▶ [Aim of the task]:
Repeat the data exactly, leaving out any image.

----

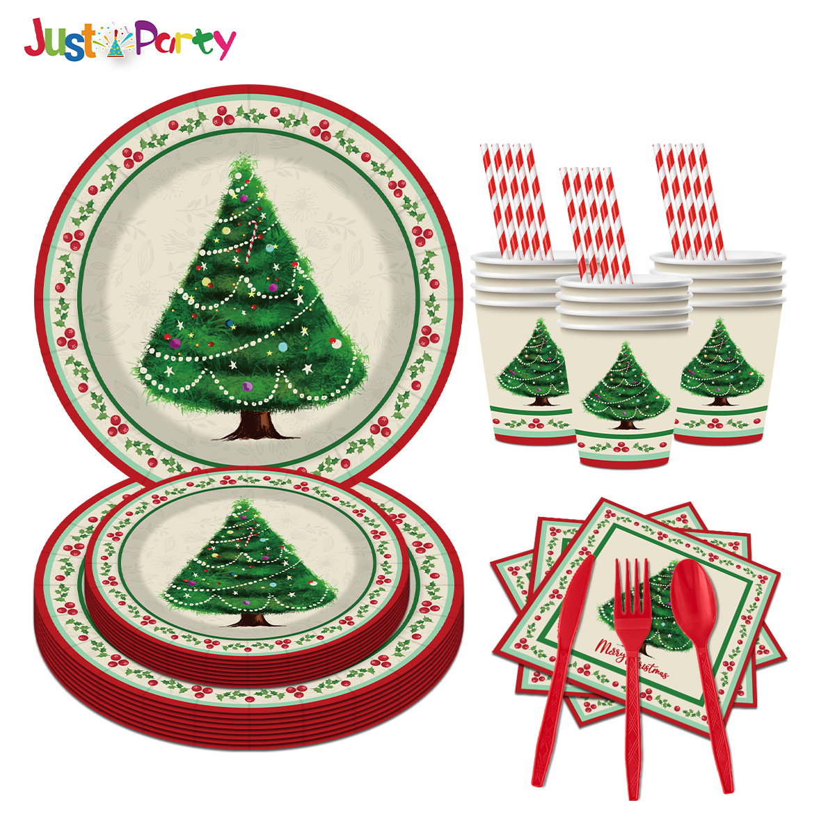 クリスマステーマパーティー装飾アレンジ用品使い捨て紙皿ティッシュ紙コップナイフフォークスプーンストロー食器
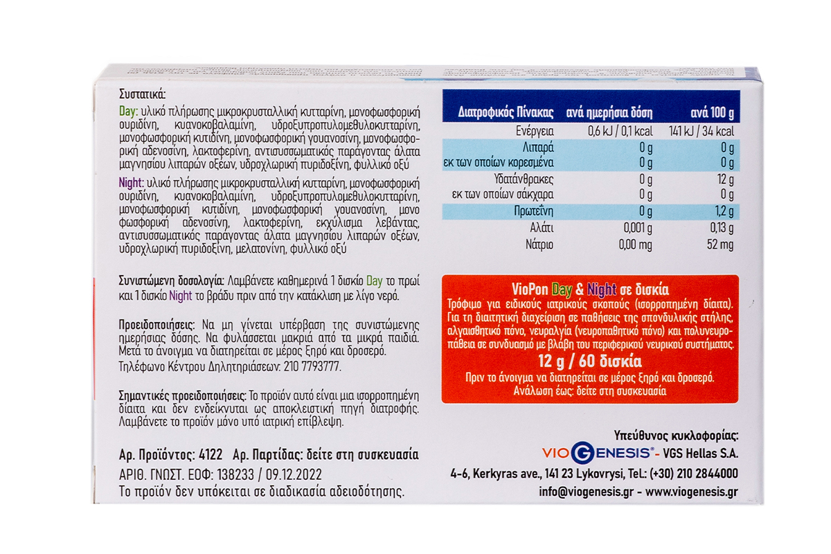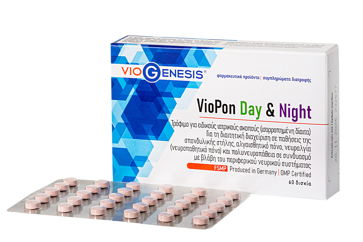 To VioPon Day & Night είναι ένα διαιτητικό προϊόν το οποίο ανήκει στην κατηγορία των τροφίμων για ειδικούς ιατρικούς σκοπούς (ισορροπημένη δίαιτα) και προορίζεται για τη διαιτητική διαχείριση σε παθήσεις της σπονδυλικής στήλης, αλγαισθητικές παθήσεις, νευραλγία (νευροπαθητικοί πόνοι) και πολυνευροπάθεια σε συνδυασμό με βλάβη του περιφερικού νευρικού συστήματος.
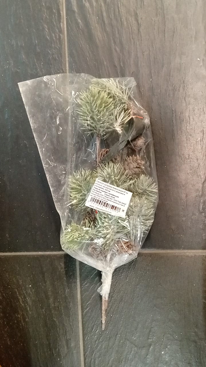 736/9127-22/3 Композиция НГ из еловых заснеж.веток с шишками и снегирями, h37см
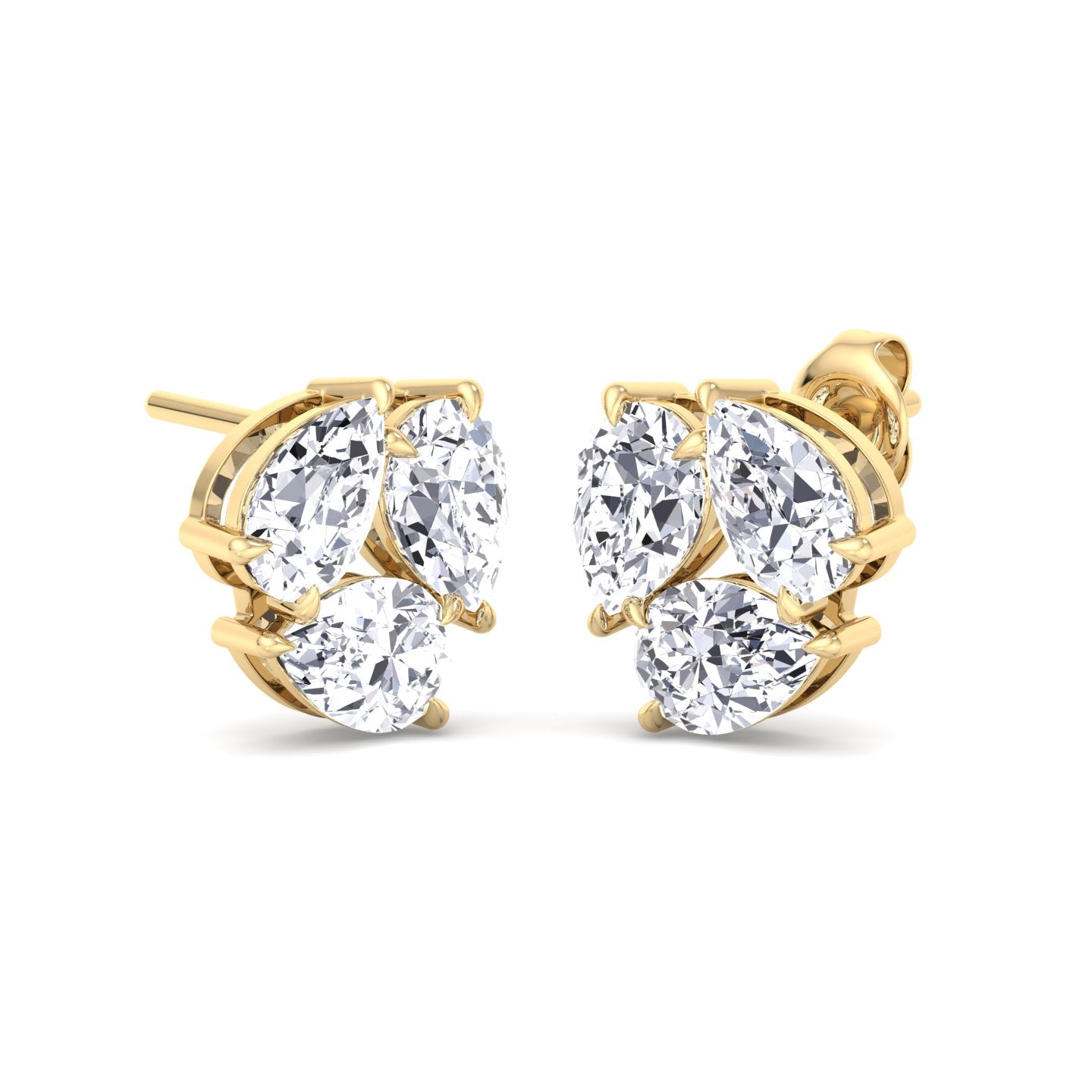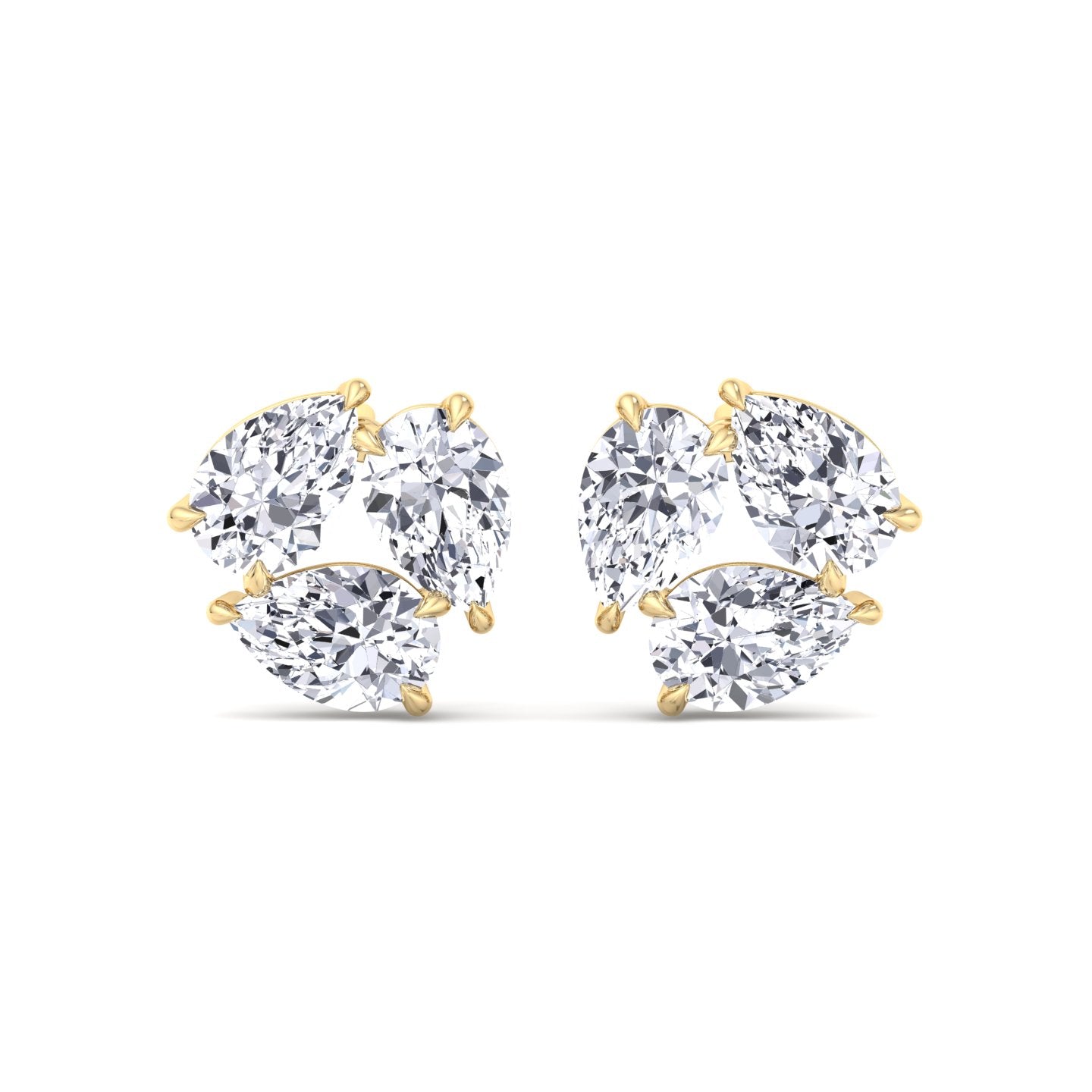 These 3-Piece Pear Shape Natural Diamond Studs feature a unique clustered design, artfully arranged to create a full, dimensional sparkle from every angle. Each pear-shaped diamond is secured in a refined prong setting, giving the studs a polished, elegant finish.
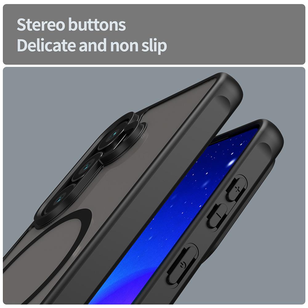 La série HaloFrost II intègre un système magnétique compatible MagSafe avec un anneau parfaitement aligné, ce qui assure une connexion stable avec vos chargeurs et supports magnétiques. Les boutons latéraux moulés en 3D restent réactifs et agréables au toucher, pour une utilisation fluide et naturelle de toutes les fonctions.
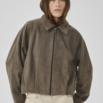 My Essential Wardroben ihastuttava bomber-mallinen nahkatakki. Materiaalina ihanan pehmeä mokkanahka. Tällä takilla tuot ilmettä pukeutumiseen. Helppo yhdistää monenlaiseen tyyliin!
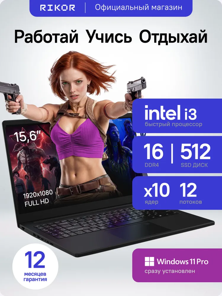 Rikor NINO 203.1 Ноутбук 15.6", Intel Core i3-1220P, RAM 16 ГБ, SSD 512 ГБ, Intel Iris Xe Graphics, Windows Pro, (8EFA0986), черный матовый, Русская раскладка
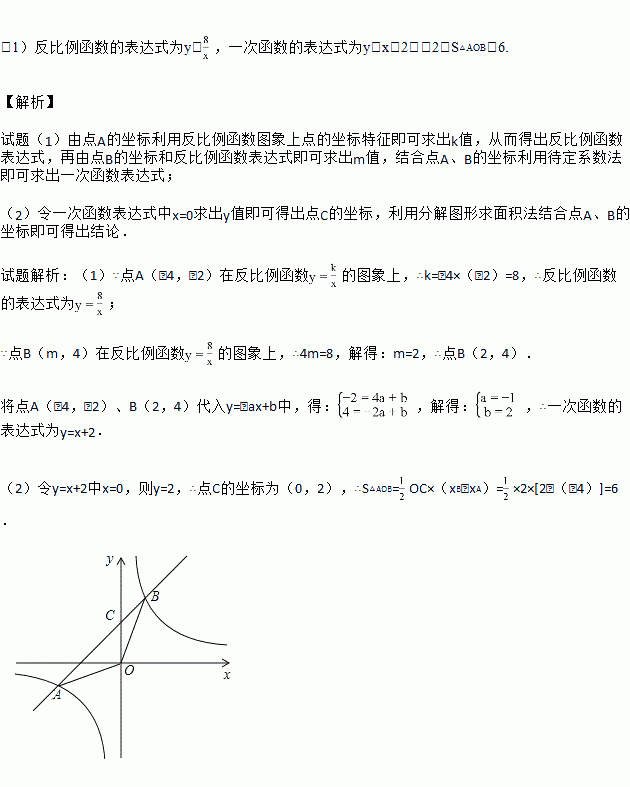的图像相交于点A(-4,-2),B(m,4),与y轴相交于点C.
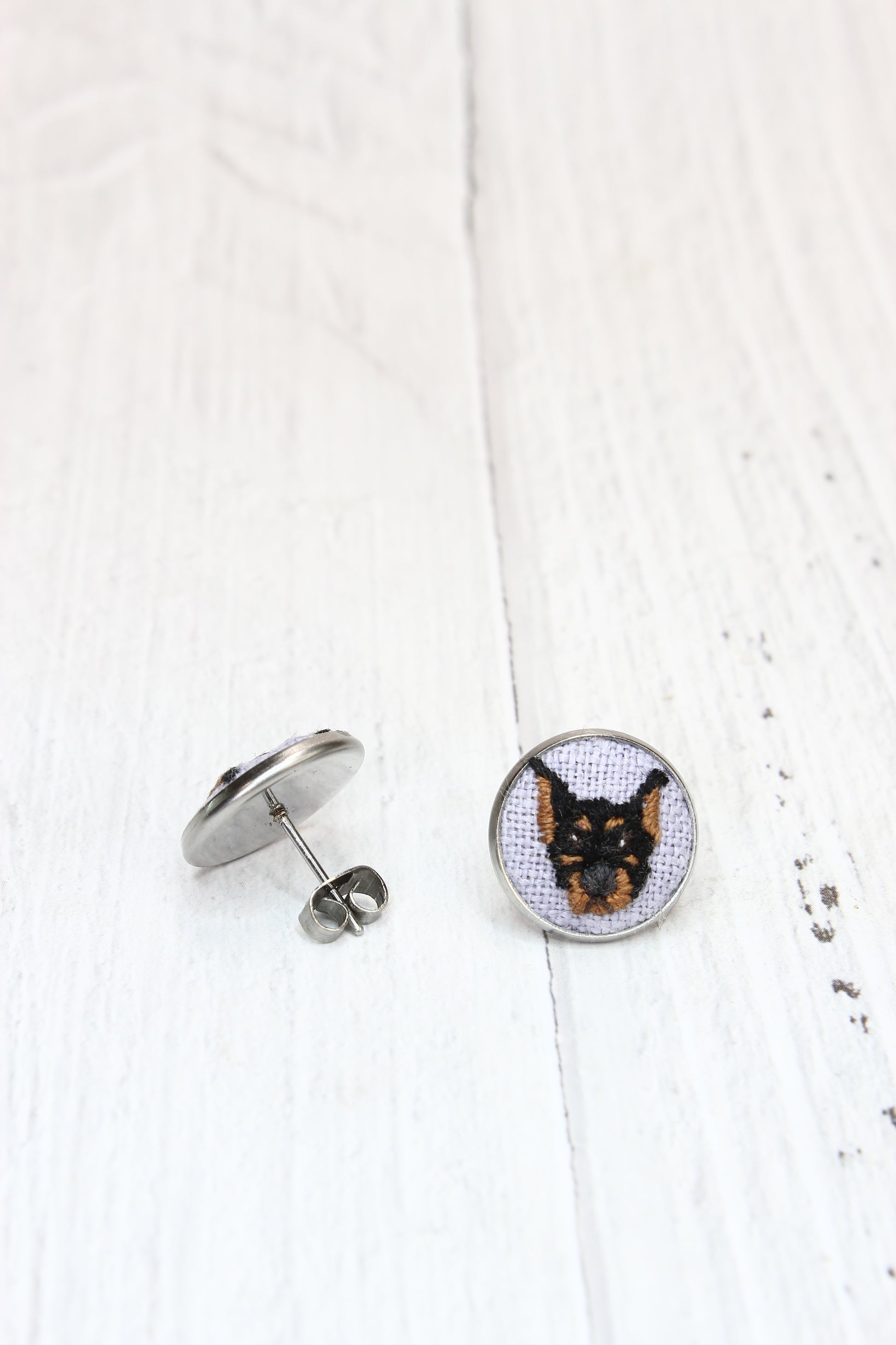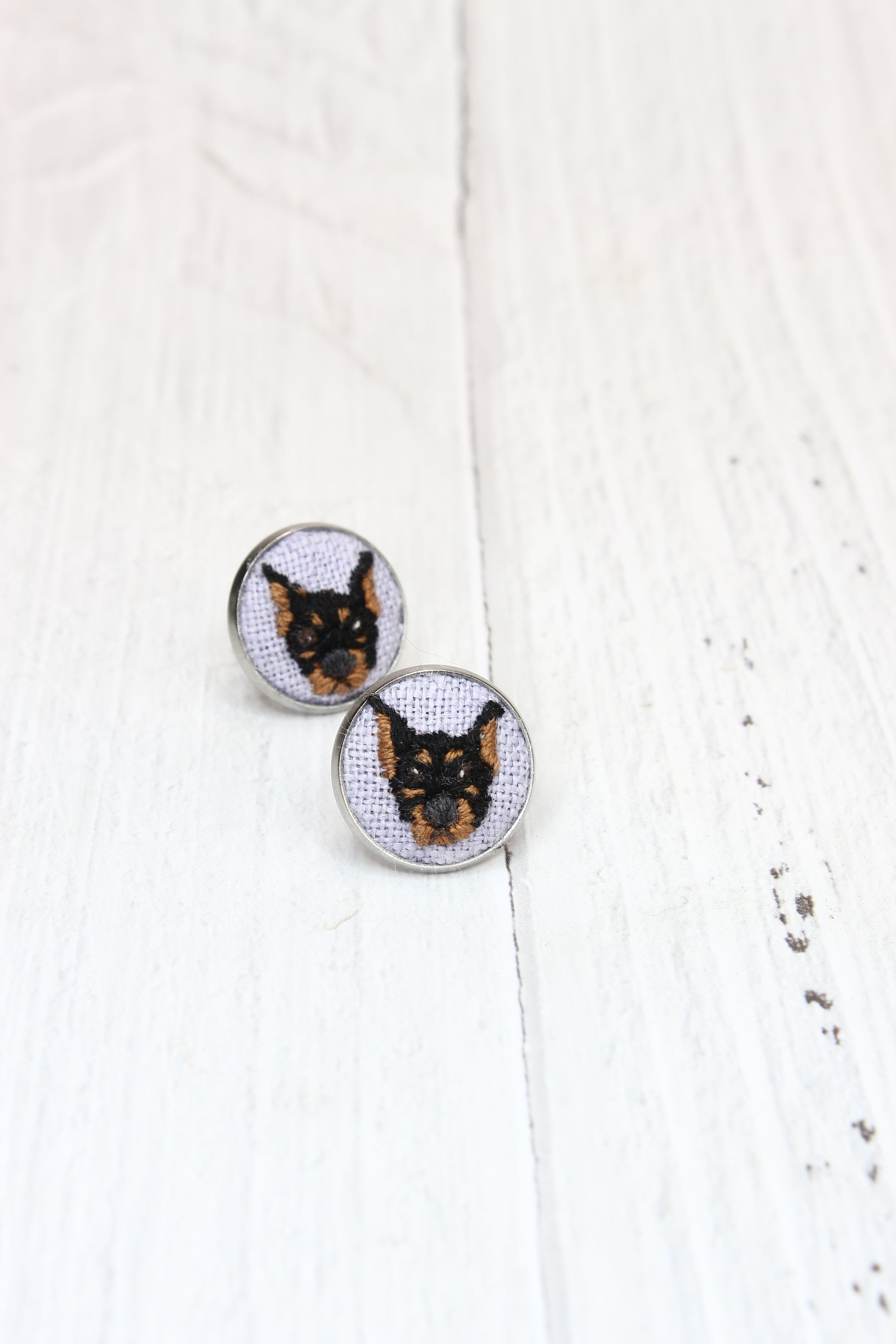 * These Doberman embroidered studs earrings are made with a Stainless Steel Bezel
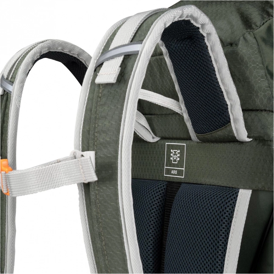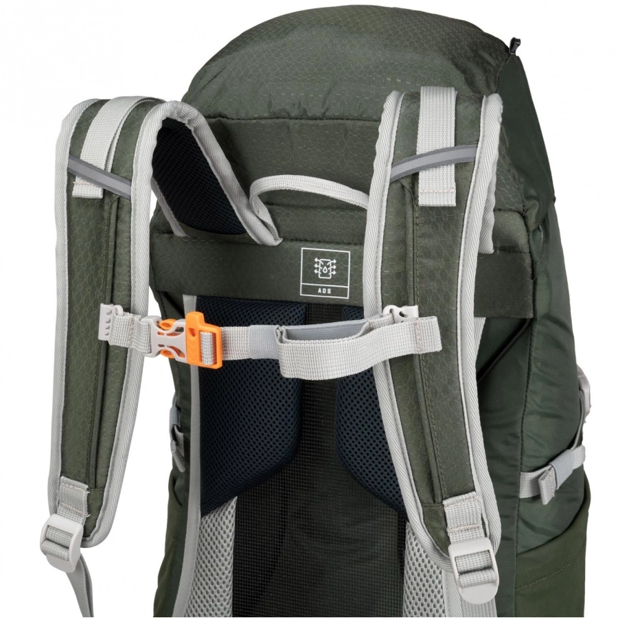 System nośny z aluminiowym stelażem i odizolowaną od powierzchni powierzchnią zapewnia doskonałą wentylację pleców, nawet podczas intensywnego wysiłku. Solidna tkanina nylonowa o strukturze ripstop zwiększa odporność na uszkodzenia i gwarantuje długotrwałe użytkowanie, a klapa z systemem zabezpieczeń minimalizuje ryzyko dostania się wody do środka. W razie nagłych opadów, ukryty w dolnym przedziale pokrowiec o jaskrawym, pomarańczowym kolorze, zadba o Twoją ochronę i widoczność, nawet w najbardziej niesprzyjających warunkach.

----

▶ [Task result]:
 クリスマステーマパーティー装飾アレンジ用品使い捨て紙皿ティッシュ紙コップナイフフォークスプーンストロー食器
 To VioPon Day & Night είναι ένα διαιτητικό προϊόν το οποίο ανήκει στην κατηγορία των τροφίμων για ειδικούς ιατρικούς σκοπούς (ισορροπημένη δίαιτα) και προορίζεται για τη διαιτητική διαχείριση σε παθήσεις της σπονδυλικής στήλης, αλγαισθητικές παθήσεις, νευραλγία (νευροπαθητικοί πόνοι) και πολυνευροπάθεια σε συνδυασμό με βλάβη του περιφερικού νευρικού συστήματος.
 736/9127-22/3 Композиция НГ из еловых заснеж.веток с шишками и снегирями, h37см
 These 3-Piece Pear Shape Natural Diamond Studs feature a unique clustered design, artfully arranged to create a full, dimensional sparkle from every angle. Each pear-shaped diamond is secured in a refined prong setting, giving the studs a polished, elegant finish.
 La série HaloFrost II intègre un système magnétique compatible MagSafe avec un anneau parfaitement aligné, ce qui assure une connexion stable avec vos chargeurs et supports magnétiques. Les boutons latéraux moulés en 3D restent réactifs et agréables au toucher, pour une utilisation fluide et naturelle de toutes les fonctions.
 My Essential Wardroben ihastuttava bomber-mallinen nahkatakki. Materiaalina ihanan pehmeä mokkanahka. Tällä takilla tuot ilmettä pukeutumiseen. Helppo yhdistää monenlaiseen tyyliin!
 Rikor NINO 203.1 Ноутбук 15.6", Intel Core i3-1220P, RAM 16 ГБ, SSD 512 ГБ, Intel Iris Xe Graphics, Windows Pro, (8EFA0986), черный матовый, Русская раскладка
的图像相交于点A(-4,-2),B(m,4),与y轴相交于点C.
 * These Doberman embroidered studs earrings are made with a Stainless Steel Bezel
 System nośny z aluminiowym stelażem i odizolowaną od powierzchni powierzchnią zapewnia doskonałą wentylację pleców, nawet podczas intensywnego wysiłku. Solidna tkanina nylonowa o strukturze ripstop zwiększa odporność na uszkodzenia i gwarantuje długotrwałe użytkowanie, a klapa z systemem zabezpieczeń minimalizuje ryzyko dostania się wody do środka. W razie nagłych opadów, ukryty w dolnym przedziale pokrowiec o jaskrawym, pomarańczowym kolorze, zadba o Twoją ochronę i widoczność, nawet w najbardziej niesprzyjających warunkach.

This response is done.